Il 2021 porterà due sviluppi: la ripresa economica, che in Germania e nei suoi satelliti sarà probabilmente più vigorosa che in Italia, e le elezioni tedesche, con l’uscita di scena di Angela Merkel e della sua coalizione con i socialdemocratici, che, pur come junior partner, hanno avuto un ruolo determinante nel portare Berlino su posizioni impensabili dodici mesi fa. Le incognite sulla successione al cancelliere Merkel e sul Governo del dopo-voto sono molte, ma non è del tutto da escludere, come riferiscono le cronache della Germania di questi giorni, che il partito del rigore di bilancio, sempre forte nell’opinione pubblica, rialzi la testa davanti a circostanze meno estreme che nel 2020. Un ritorno di Berlino nel campo dei “frugali” cambierebbe completamente le prospettive. Anche pensare che l’atteggiamento attuale della BCE, che garantisce tassi bassi e la compressione degli spread, duri per sempre sarebbe un errore.

 

Che fare per l’Italia?

L’Italia farebbe bene allora ad approfittare dell’opportunità concessa da questa fase, non per inseguire improbabili chimere di cancellazione del debito, dai benefici dubbi, ma anzi tutto per farsi trovare preparata alla stagione delle riforme che dovrebbe accompagnare l’arrivo dei fondi europei, cosa che il nostro Governo sta già dimostrando di avere grandi difficoltà anche solo a delineare.

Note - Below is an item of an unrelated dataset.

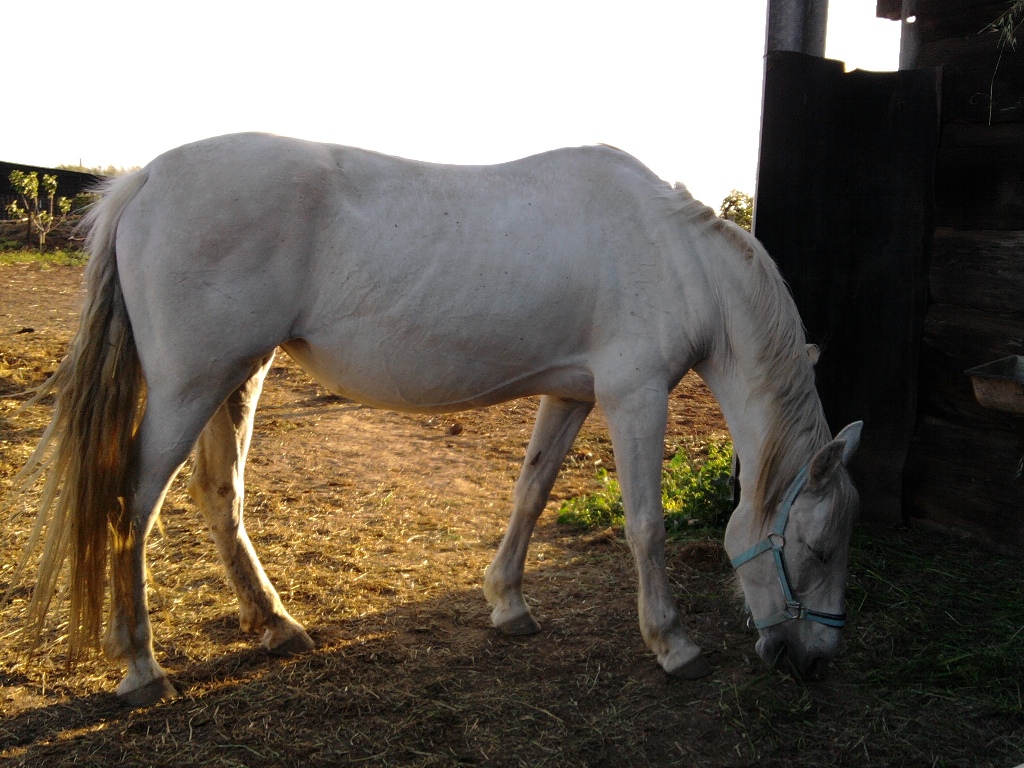 | | en plus c'est une jument qui n'a jamais pouliner,mais dans sa "promenade à cheval" elle n'a pas du chômer ni etre trop bien traiter car a son arrivée,elle était maigre à faire peur !!!!!avec des problémes récurent d'emphyséme pulmonaire allergique !!on traite,ça dure une semaine et ça passe !!!!!les crises ont d'ailleur diminuées nettement depuis que nous sommes à la montagne ,en plaine au moment de la pollinisation des cyprés c'était l'horreur !!!et la propriété en était entourée !!!!mais c'est une dure à cuire,peut etre son 3/4 de sang Camargue !!!!! |

Ma soprattutto, secondo le priorità indicate ancora da Blanchard dovrebbe spendere il proprio capitale politico in Europa per una profonda riforma delle regole della disciplina di bilancio nell’eurozona, ora sospese, e per fare da motore, insieme alla Francia, di un movimento verso l’unione fiscale. Questo sì ci aiuterebbe ad alleggerire il problema del nostro debito.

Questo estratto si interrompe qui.